## Load and process data

In [1]:
using DataFrames
using Dates

Loading the comma separated data from disk:

In [2]:
@time optData = readtable("../data/intmed_data/optData.csv")

elapsed time: 12.680159701 seconds (3621159908 bytes allocated, 10.43% gc time)

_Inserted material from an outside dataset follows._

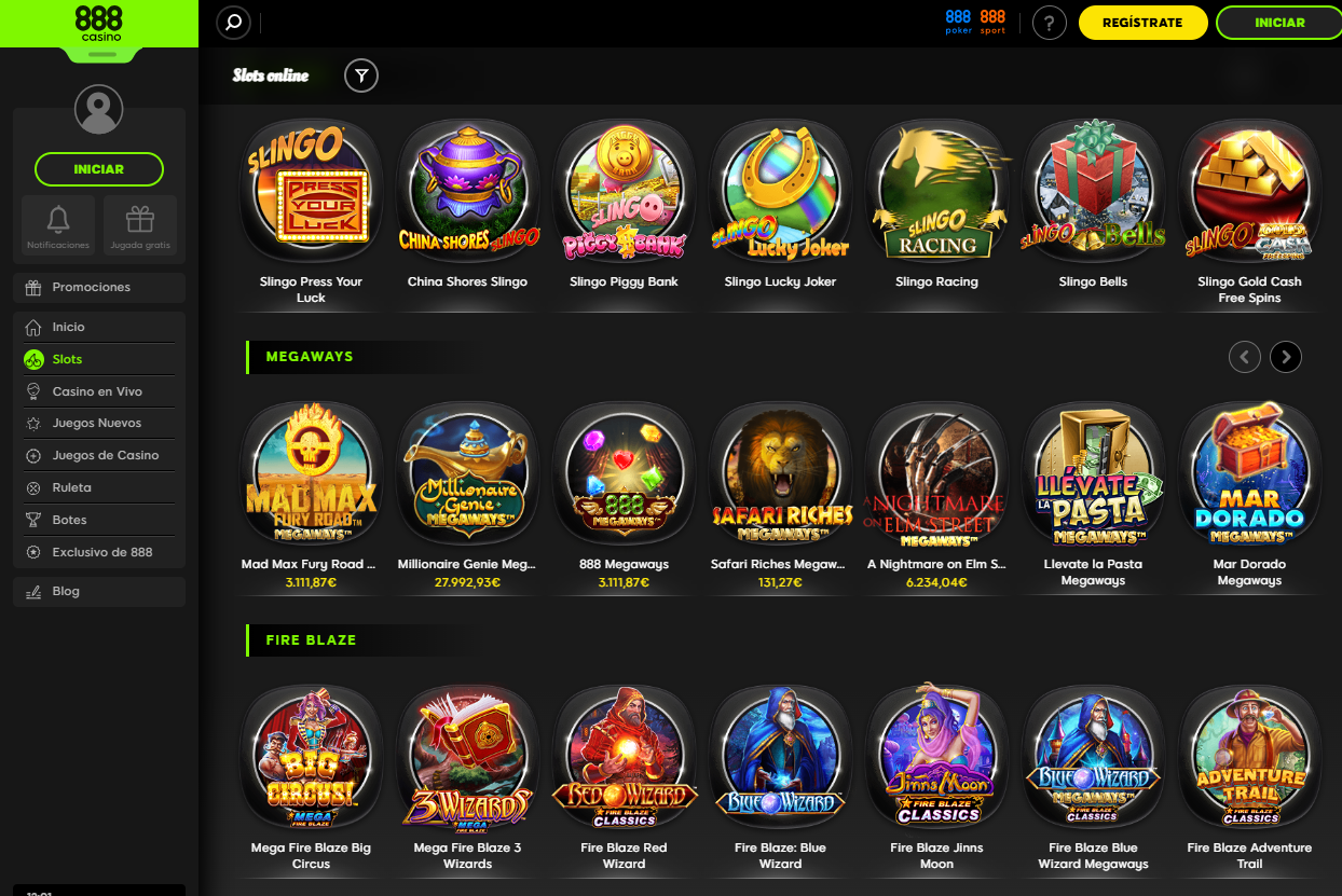 Sí, los slots son el juego más buscado en 888 Casino España, el cual ofrece 1500+ títulos.

Unnamed: 0,Date,Option_Price,Bid,Ask,Volume,Open_Interest,Strike,Expiry,DAX,EONIA_matched,Time_to_Maturity,IsCall
1,732495,3931.1,,,1,104,1800,732660,5712.69,0.031667592146348,0.466666666666667,true
2,732495,0.1,,,0,5515,1800,732660,5712.69,0.0316675921463482,0.466666666666667,false
3,732495,3734.0,,,0,2152,2000,732660,5712.69,0.0316675921463482,0.466666666666667,true
4,732495,0.1,,,0,20941,2000,732660,5712.69,0.0316675921463482,0.466666666666667,false
5,732495,3536.9,,,0,2,2200,732660,5712.69,0.0316675921463482,0.466666666666667,true
6,732495,0.1,,,0,4626,2200,732660,5712.69,0.0316675921463482,0.466666666666667,false
7,732495,3339.8,,,0,2009,2400,732660,5712.69,0.0316675921463482,0.466666666666667,true
8,732495,0.1,,,0,13367,2400,732660,5712.69,0.0316675921463482,0.466666666666667,false
9,732495,0.2,,,0,2297,2600,732660,5712.69,0.0316675921463482,0.466666666666667,false
10,732495,2945.9,,,0,624,2800,732660,5712.69,0.0316675921463482,0.466666666666667,true


## Choosing the data format

When dealing with data we always have to face a tradeoff between intuitive and user friendly data formats and data formats that are primarily targeting pure speed. In this case, for example, we need to decide on the data type used for date information. The fastest solution would be to keep dates as unintuitive `Int64` numbers, or we could transform them to `Date` format. Before we can make a decision, we first will perform some speed comparisons. As example, we will look at different implementations of a function that lists all unique options in a given dataset.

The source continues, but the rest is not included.